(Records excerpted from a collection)

────────────────

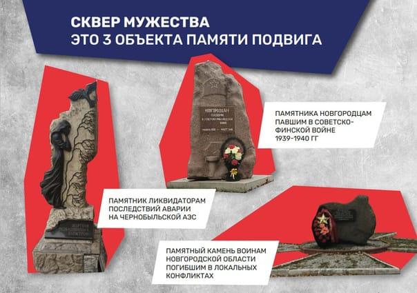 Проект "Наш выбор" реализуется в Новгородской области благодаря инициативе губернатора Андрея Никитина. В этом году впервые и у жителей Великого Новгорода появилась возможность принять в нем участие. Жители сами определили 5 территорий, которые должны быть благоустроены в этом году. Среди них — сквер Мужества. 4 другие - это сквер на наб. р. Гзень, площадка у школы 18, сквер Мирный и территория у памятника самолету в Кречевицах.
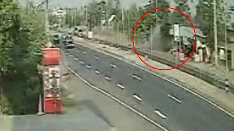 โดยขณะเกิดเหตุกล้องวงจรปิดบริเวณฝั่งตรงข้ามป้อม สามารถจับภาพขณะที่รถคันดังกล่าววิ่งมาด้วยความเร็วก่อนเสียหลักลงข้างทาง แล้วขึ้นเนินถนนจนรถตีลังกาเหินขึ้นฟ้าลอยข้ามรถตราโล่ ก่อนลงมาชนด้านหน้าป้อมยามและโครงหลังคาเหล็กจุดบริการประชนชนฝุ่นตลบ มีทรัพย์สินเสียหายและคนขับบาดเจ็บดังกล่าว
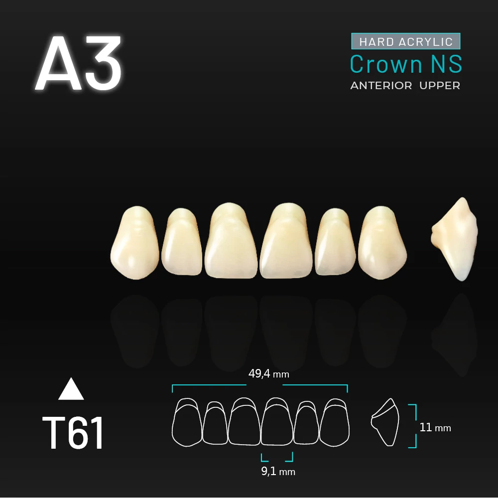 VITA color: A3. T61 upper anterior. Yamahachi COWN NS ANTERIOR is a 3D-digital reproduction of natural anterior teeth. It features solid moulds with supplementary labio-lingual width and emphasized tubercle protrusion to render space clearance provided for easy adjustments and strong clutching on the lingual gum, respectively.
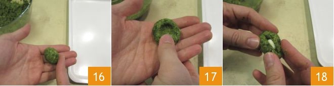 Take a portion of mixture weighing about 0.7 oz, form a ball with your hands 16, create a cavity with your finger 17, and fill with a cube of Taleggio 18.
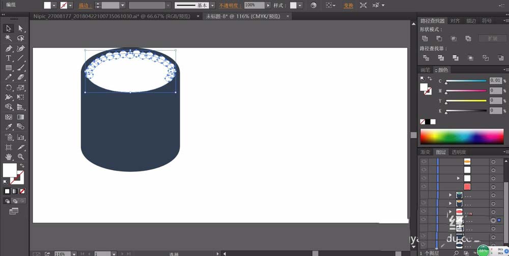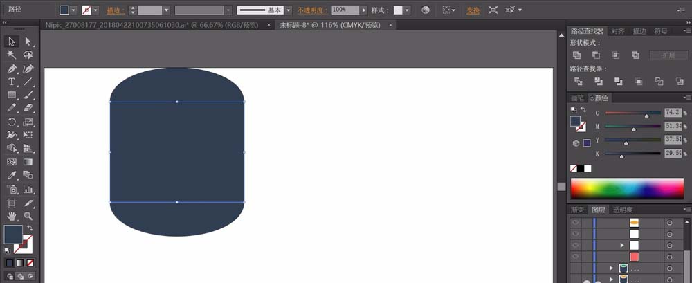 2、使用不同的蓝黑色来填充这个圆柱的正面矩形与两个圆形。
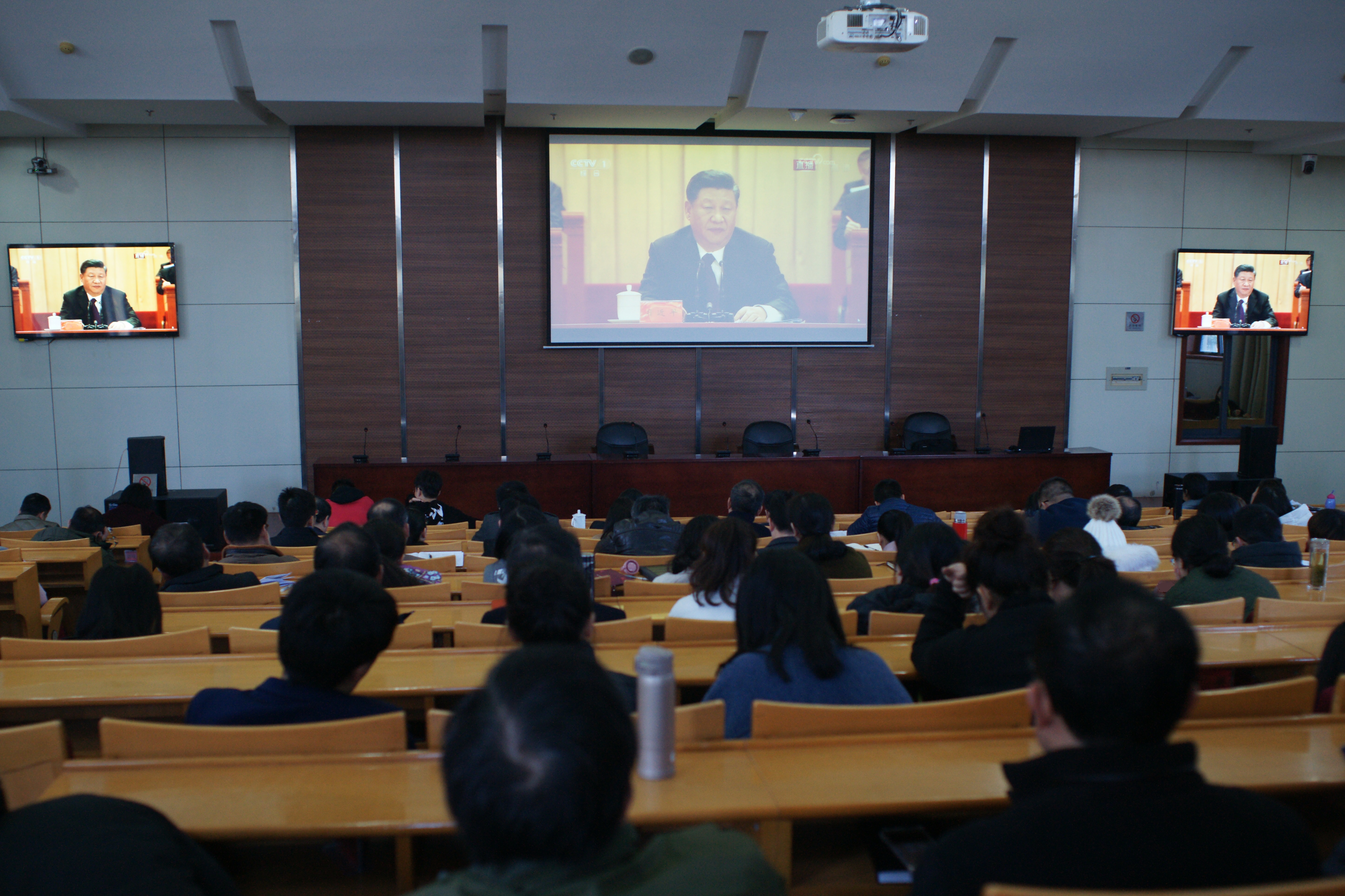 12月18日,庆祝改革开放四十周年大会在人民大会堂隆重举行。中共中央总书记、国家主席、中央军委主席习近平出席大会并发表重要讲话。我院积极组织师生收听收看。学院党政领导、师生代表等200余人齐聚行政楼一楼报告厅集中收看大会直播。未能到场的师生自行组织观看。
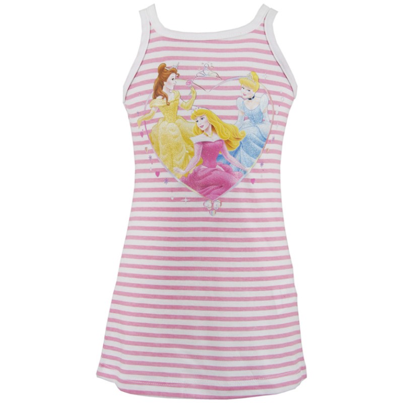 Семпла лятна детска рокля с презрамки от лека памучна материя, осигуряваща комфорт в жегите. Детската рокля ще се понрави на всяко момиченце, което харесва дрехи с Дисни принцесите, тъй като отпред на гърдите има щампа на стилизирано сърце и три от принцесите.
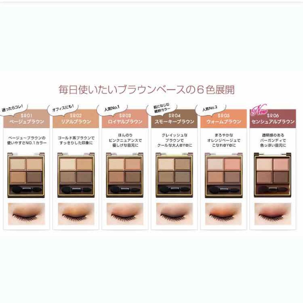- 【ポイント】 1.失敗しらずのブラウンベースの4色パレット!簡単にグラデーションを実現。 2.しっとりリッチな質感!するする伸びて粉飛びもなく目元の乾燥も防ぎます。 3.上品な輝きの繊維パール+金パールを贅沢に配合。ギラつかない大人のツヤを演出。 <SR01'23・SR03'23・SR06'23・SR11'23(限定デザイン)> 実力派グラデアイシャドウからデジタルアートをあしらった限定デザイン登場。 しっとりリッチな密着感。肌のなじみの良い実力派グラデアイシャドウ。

────────────────

_Exercise brief_:
Since the copy should hold text only, set down each record exactly and leave the pictures out.

_The answer_:
 Проект "Наш выбор" реализуется в Новгородской области благодаря инициативе губернатора Андрея Никитина. В этом году впервые и у жителей Великого Новгорода появилась возможность принять в нем участие. Жители сами определили 5 территорий, которые должны быть благоустроены в этом году. Среди них — сквер Мужества. 4 другие - это сквер на наб. р. Гзень, площадка у школы 18, сквер Мирный и территория у памятника самолету в Кречевицах.
 โดยขณะเกิดเหตุกล้องวงจรปิดบริเวณฝั่งตรงข้ามป้อม สามารถจับภาพขณะที่รถคันดังกล่าววิ่งมาด้วยความเร็วก่อนเสียหลักลงข้างทาง แล้วขึ้นเนินถนนจนรถตีลังกาเหินขึ้นฟ้าลอยข้ามรถตราโล่ ก่อนลงมาชนด้านหน้าป้อมยามและโครงหลังคาเหล็กจุดบริการประชนชนฝุ่นตลบ มีทรัพย์สินเสียหายและคนขับบาดเจ็บดังกล่าว
 VITA color: A3. T61 upper anterior. Yamahachi COWN NS ANTERIOR is a 3D-digital reproduction of natural anterior teeth. It features solid moulds with supplementary labio-lingual width and emphasized tubercle protrusion to render space clearance provided for easy adjustments and strong clutching on the lingual gum, respectively.
 Take a portion of mixture weighing about 0.7 oz, form a ball with your hands 16, create a cavity with your finger 17, and fill with a cube of Taleggio 18.
 2、使用不同的蓝黑色来填充这个圆柱的正面矩形与两个圆形。
 12月18日,庆祝改革开放四十周年大会在人民大会堂隆重举行。中共中央总书记、国家主席、中央军委主席习近平出席大会并发表重要讲话。我院积极组织师生收听收看。学院党政领导、师生代表等200余人齐聚行政楼一楼报告厅集中收看大会直播。未能到场的师生自行组织观看。
 Семпла лятна детска рокля с презрамки от лека памучна материя, осигуряваща комфорт в жегите. Детската рокля ще се понрави на всяко момиченце, което харесва дрехи с Дисни принцесите, тъй като отпред на гърдите има щампа на стилизирано сърце и три от принцесите.
- 【ポイント】 1.失敗しらずのブラウンベースの4色パレット!簡単にグラデーションを実現。 2.しっとりリッチな質感!するする伸びて粉飛びもなく目元の乾燥も防ぎます。 3.上品な輝きの繊維パール+金パールを贅沢に配合。ギラつかない大人のツヤを演出。 <SR01'23・SR03'23・SR06'23・SR11'23(限定デザイン)> 実力派グラデアイシャドウからデジタルアートをあしらった限定デザイン登場。 しっとりリッチな密着感。肌のなじみの良い実力派グラデアイシャドウ。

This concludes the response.